Jack (Gilead #4)(9)



I promise I won’t think less of you. That is what he almost said. But he caught himself.

He laughed. “Sorry. Anyway, I can barely see you at all. You could, you know, take off—”

“Don’t, please.”

“Take off your hat. And borrow mine. That’s all I was going to say! Since yours wouldn’t keep off the rain.”

Silence. All right, then.

Finally she said, “Did you ever wonder why no one except Hamlet seems sorry that the old King Hamlet is dead? He’s hardly cold in his grave.”

“I’m afraid I can’t claim to know the play well, Miss Miles. My father cut it up with scissors and taped the pieces into a loose-leaf scrapbook, so we could act it out. So they could. What was left of it didn’t make much sense. It wouldn’t have, anyway. Our Ophelia, my sister Glory, was six or seven. She’d give all her flowers to the ghost— She was always wandering in on the wrong scenes, even after she should have been dead. Sharing out the popcorn. My father wouldn’t say a word to her about it. He said it was an improvement. She sang ‘Jesus Loves Me’ in her mad scene because the actual song didn’t survive the scissors. So my sense of it all is likely to be misinformed. I was interested to read the thing whole. That’s why I borrowed your book.”

Then he said, “I believe this is the kind of conversation you were hoping for? Scenes of domestic life?”

She said, “It’s strange no one thinks Hamlet should be king. It seems as though there were stories behind the play we only get glimpses of. But nothing is done to hide them, either, I mean the gaps they leave.”

“Yes, now that you mention it. One time our Ophelia got into the tub with all her clothes on, to rehearse her death scene. My brother Teddy caught her at it, and they talked about the dangers of playing at drowning in a bathtub. He said she didn’t have to rehearse, because no one sees it happen. Otherwise somebody would have told Ophelia to get out of the water, probably her brother. She said, They did see! Somebody just stood there and watched me drown! Mermaid-like to muddy death, you know—she had a point, it would have taken a while. She came down the stairs trailing bathwater, shouting, Who let me drown! They decided it had to have been Gertrude, since she knew all about it. And nothing made sense, anyway, so no harm done.”
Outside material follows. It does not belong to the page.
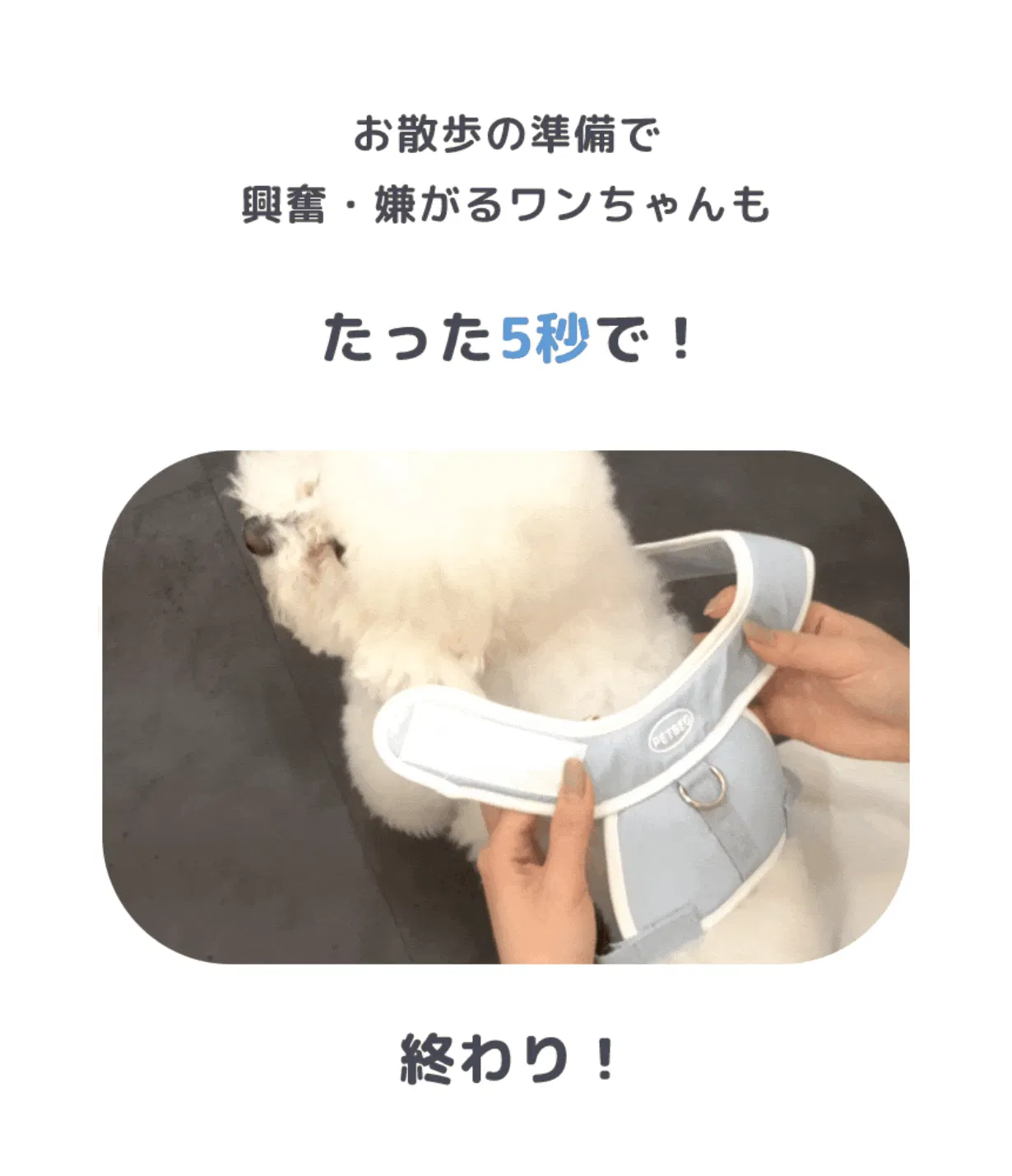 愛犬を大事にしたいと言う心がある待って完成した「5秒ハーネス」が、1匹でも多くの愛犬の散歩を楽しい時間にしてあげられることを祈っています!

She said, “My father never had much time to spend at home. He’s sort of a leader in the community, I guess. He gets called away constantly. He spends lots of time with lots of people, trying to sort things out for them. It comes with serving a big church in a city. Especially a colored church, I think. He always made us show him our homework and our report cards, but he says he has a thousand children to look after, and that’s true. We understood that. And then there are always people in the house, uncles and cousins and strangers of one kind and another. It’s not such a peaceful life.”

“One time my father was late to a funeral because Teddy and I had a game that went into extra innings. The widow dressed him down a little, I guess. He told her and anyone who ever reminded him of it that it was an exceptional game. We almost won.”
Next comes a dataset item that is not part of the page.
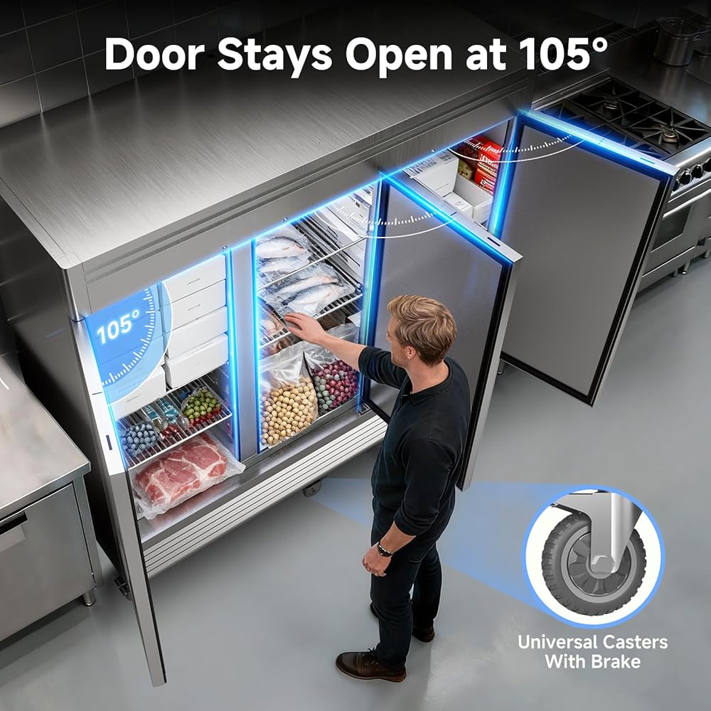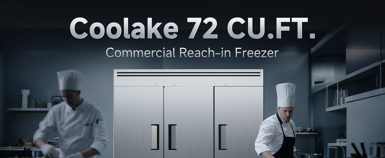 Coolake 82 "عرض الفريزر التجاري 3 أبواب صلبة، 72 قدم مكعب من الفولاذ المقاوم للصدأ يمكن الوصول إلى الفريزر العمودي مع إضاءة LED، مروحة تبريد الفريزر لمطعم بار متجر فندق منطقة إعداد المطبخ

She stopped, her head lowered. “Oh.”

“Let me guess. Your father’s favorite daughter is wandering the night with a disreputable white man. Barefoot. In a cemetery. If she’s caught at it, the scandal will echo down the ages, into the farthest reaches of Tennessee, all its strange particulars scrutinized. Forever. And he was once so proud of you.”

“It’s not a joke.”

“I wasn’t joking.”

“I’d like to sit down.”

“We’ll find a bench.”

“No, here. Just for a minute.” And she sank down on the grass. “Let me think.”
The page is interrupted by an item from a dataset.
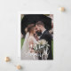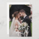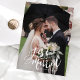 Modern and elegant wedding announcement template card featuring a white hand lettered typography overlay text with swirls that says "Just Married" with your names. Customize this product by adding two pictures. One of the photo will go on the back of the card with your wedding and thank you message.

“There’s not much to think about, except how much worse your clothes are going to look if you keep sitting there in the damp like that. I’m trying to spare you added regret. We lost souls have to wander till the cock crows, nothing to be done. Maybe keep ourselves a little presentable if we can.” He held out his hand to her and she took it and he helped her up. He didn’t hold her hand a second longer than he should have.

She said, “You shouldn’t call yourself that. ‘Disreputable.’”

“I’m looking at the situation the way your father would. Loitering at night in a cemetery. Just that one fact would finish me off. Then there’s all the rest. Actual years of it, I’m afraid. Hardly a day goes by.”

“Well, what would your father say if he saw you here in the middle of the night, arm in arm with a colored gal?”

“He’d say, Thank God he’s not alone. He’d thank Jesus with his eyes closed. He’s not a man of the world, my father, and he might start fretting about particulars. But that would be his first thought. And we aren’t arm in arm. Not that that would make any difference.”

“It wouldn’t make a bit of difference.” She put her hand in the crook of his elbow. “Oh!”

“What?”

“I forgot my shoes! I left them back there, wherever we were! I’ll probably never find them. Everything just gets worse and worse.”

“Well, maybe, but I have them right here, your shoes. I picked them up.”

She shook her head. “I’m walking along barefoot in the dark and you’re carrying my shoes. And I don’t even know you. This is the strangest situation I’ve ever been in in my life. You better give them to me.”